2. We can <@avoid reward tampering@>(@Designing agent incentives to avoid reward tampering@) by removing the connections from future rewards to utility nodes; in other words, we ensure that the agent evaluates hypothetical future outcomes according to its _current_ reward function.
3. A [multiagent version](https://arxiv.org/abs/2102.05008) allows us to recover concepts like Nash equilibria and subgames from game theory, using a very simple, compact representation.

[-]Vanessa Kosoy4y20

IIUC, in a multi-agent influence model, every subgame perfect equilibrium is also a subgame perfect equilibrium in the corresponding extensive form game, but the converse is false in general. Do you know whether at least one subgame perfect equilibrium exists for any MAIM? I couldn't find it in the paper.

[-]James Fox4y*00

Hi Vanessa, Thanks for your question! Sorry for taking a while to reply. The answer is yes if we allow for mixed policies (i.e., where an agent can correlate all of their decision rules for different decisions with a shared random bit), but no if we restrict agents to only be able to use behavioural policies (i.e., decision rules for each of an agent's decisions are independent because they can't access a shared random bit). This is analogous to the difference between mixed and behavioural strategies in extensive form games, where (in general) a subgame perfect equilibrium (SPE) is only guaranteed to exist in mixed strategies (and the game is finite etc by Nash' theorem).

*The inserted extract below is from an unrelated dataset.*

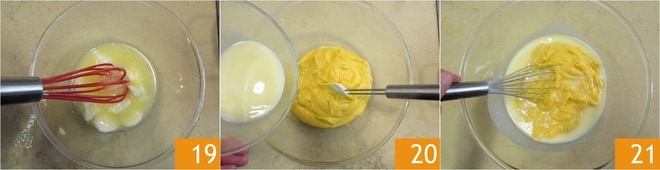Machen Sie dasselbe mit der Butter, indem Sie sie kurz in das Wasserbad tauchen und rühren, bis eine Temperatur von 26 Grad erreicht ist 19. Geben Sie die Butter in die Creme 20 und rühren Sie gut mit einem Schneebesen 21.
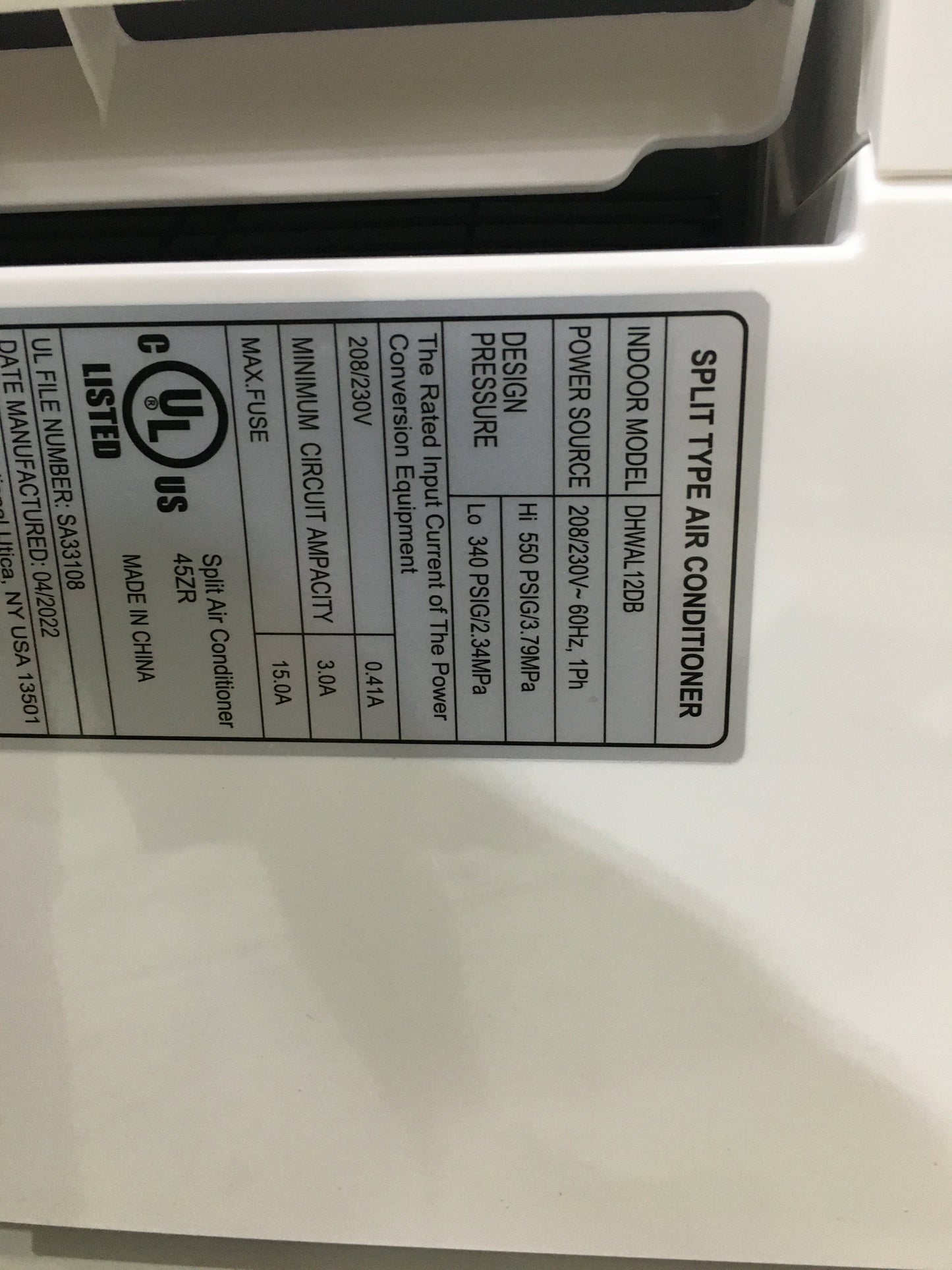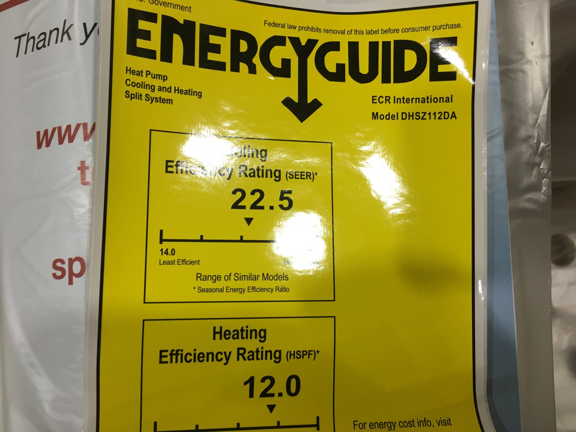12,000 BTU Single Zone Variable Speed Inverter Mini Split Heat Pump Set, Volts:208-230, Hertz:60, Phase:1, Department Of Energy Guide SEER:22.5, EER:13, Refrigerant: R-410A, Factory Charge:52.9, Connection Size:1/4" X 1/2", Connection Type:Flare, Design Pressure High/Low:340/550, Cooling BTU's:12,000, Heating BTU's:11,740, Outdoor Dimensions:21"H X 33 1/2"W X 13"D, Indoor Dimensions:11 1/4"H X 33 1/2"W X 9"D, Weight:135 Lbs, In Mfg Box, Made In PRC (Sold As Set) Remote Included

Note that If all agents in the MAIM have perfect recall (where they remember their previous decisions and the information that they knew at previous decisions), then there is guaranteed to exist a SPE in behavioural policies). In fact, Koller and Milch showed that only a weaker criterion of "sufficient recall" is needed (https://www.semanticscholar.org/paper/Ignorable-Information-in-Multi-Agent-Scenarios-Milch-Koller/5ea036bad72176389cf23545a881636deadc4946).

In a forthcoming journal paper, we expand significantly on the the theoretical underpinnings and advantages of MAIMs and so we will provide more results there.

[-]IlyaShpitser4y20

Pretty interesting.

Since you are interested in policies that operate along some paths only, you might find these of interest:

https://pubmed.ncbi.nlm.nih.gov/31565035/
https://www.ncbi.nlm.nih.gov/pmc/articles/PMC6330047/

We have some recent stuff on generalizing MDPs to have a causal model inside every state ('path dependent structural equation models', to appear in UAI this year).

[-]tom4everitt4y30

Thanks Ilya for those links, in particular the second one looks quite relevant to something we’ve been working on in a rather different context (that's the benefit of speaking the same language!)

We would also be curious to see a draft of the MDP-generalization once you have something ready to share!

[-]IlyaShpitser4y*20

https://auai.org/uai2021/pdf/uai2021.89.preliminary.pdf (this really is preliminary, e.g. they have not yet uploaded a newer version that incorporates peer review suggestions).

---

Can't do stuff in the second paper without worrying about stuff in the first (unless your model is very simple).